§ WORK TO COMPLETE
Give again, exactly as written, the lines of the records below from the line with "Евротрёхкомнатная Кавказская, 13, корпус" to the line with "Корректирующая жидкость 20". Both end lines count; pictures do not.

§ DATASET EXCERPTS
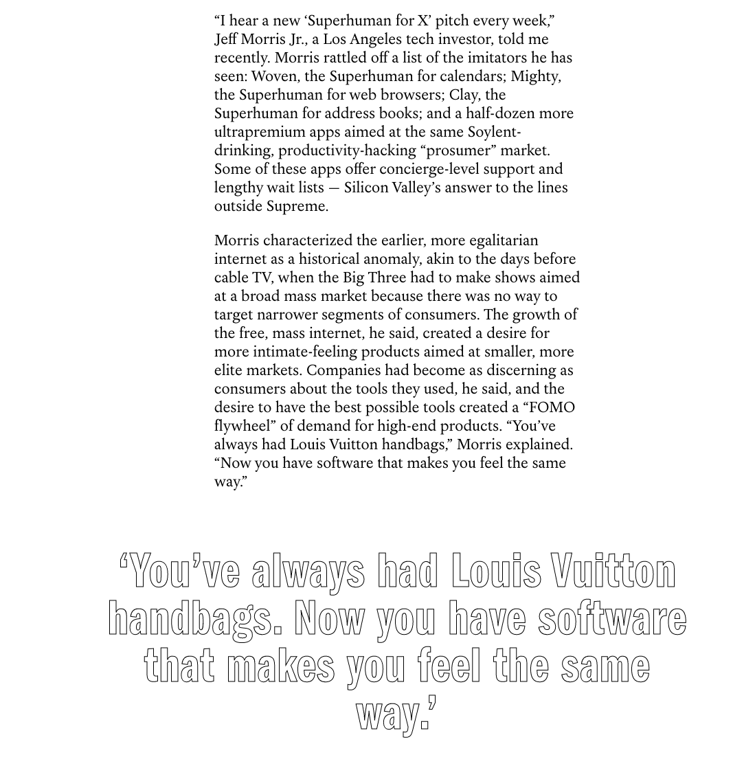 I spoke to New York Times Magazine about "Superhuman for X" startups: * Luxury software is the new Louis Vuitton * Early internet was like TV before cable. Now we have premium software * Software has waitlists & creates "fomo" that feels like Supreme https://www.nytimes.com/interactive/2019/11/13/magazine/internet-premium.html …pic.twitter.com/P0IF63hW4i
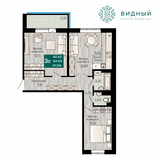 Евротрёхкомнатная Кавказская, 13, корпус 3 - Квартира №386
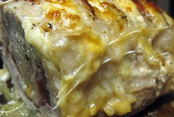 Entre chaque tranche, insérer une tranche de bacon et une de fromage.
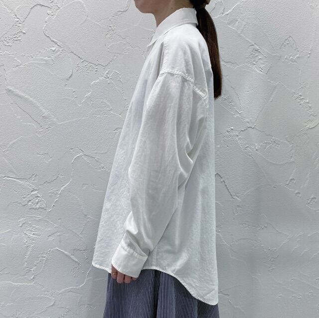 ベーシックなシャツなのでベストなどの重ね着はもちろん、前を開けて羽織物としても使える万能アイテム。
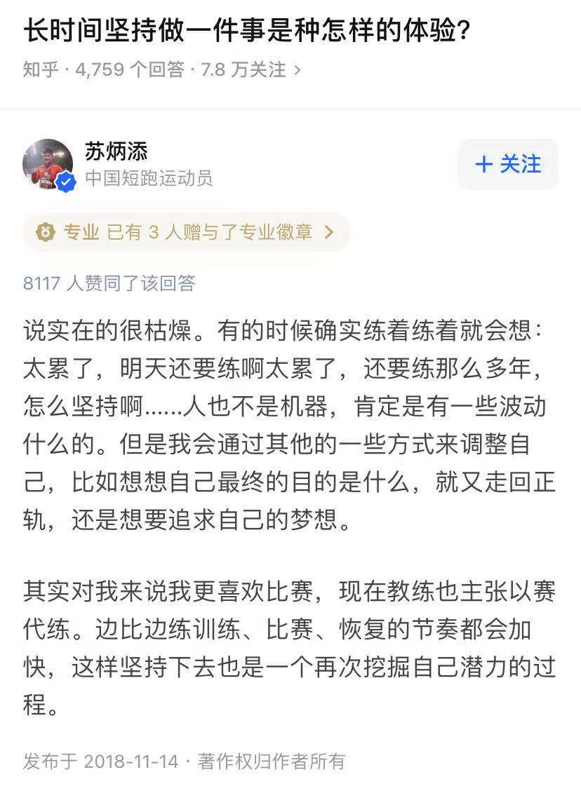 越来越多关于苏炳添的“冷知识”被网友找出。早在2018年,他曾数次在某问答平台答题。
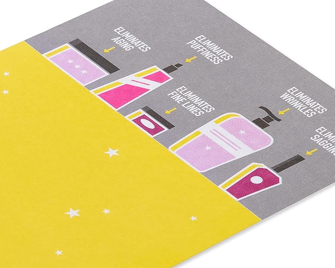 - This birthday greeting card for her features a bright yellow starry background and cosmetic products with swirl designs and raised detailing on quality cardstock
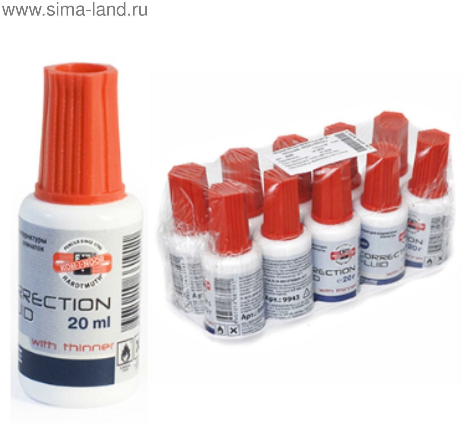 Корректирующая жидкость 20 мл, быстросохнущая, химическая основа, с кисточкой
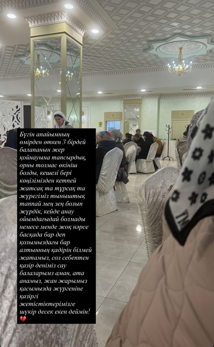 «Сегодня похоронили троих детей моей сестры. Со дня трагедии не находим себе место. Иногда мы просим слишком многое и не ценим то, что есть. Нужно ценить здоровье детей, родителей и близких. Довольствоваться тем, что есть», – обратилась к казахстанцам родная тетя погибших детей.

§ TASK RESPONSE
 Евротрёхкомнатная Кавказская, 13, корпус 3 - Квартира №386
 Entre chaque tranche, insérer une tranche de bacon et une de fromage.
 ベーシックなシャツなのでベストなどの重ね着はもちろん、前を開けて羽織物としても使える万能アイテム。
 越来越多关于苏炳添的“冷知识”被网友找出。早在2018年,他曾数次在某问答平台答题。
 - This birthday greeting card for her features a bright yellow starry background and cosmetic products with swirl designs and raised detailing on quality cardstock
 Корректирующая жидкость 20 мл, быстросохнущая, химическая основа, с кисточкой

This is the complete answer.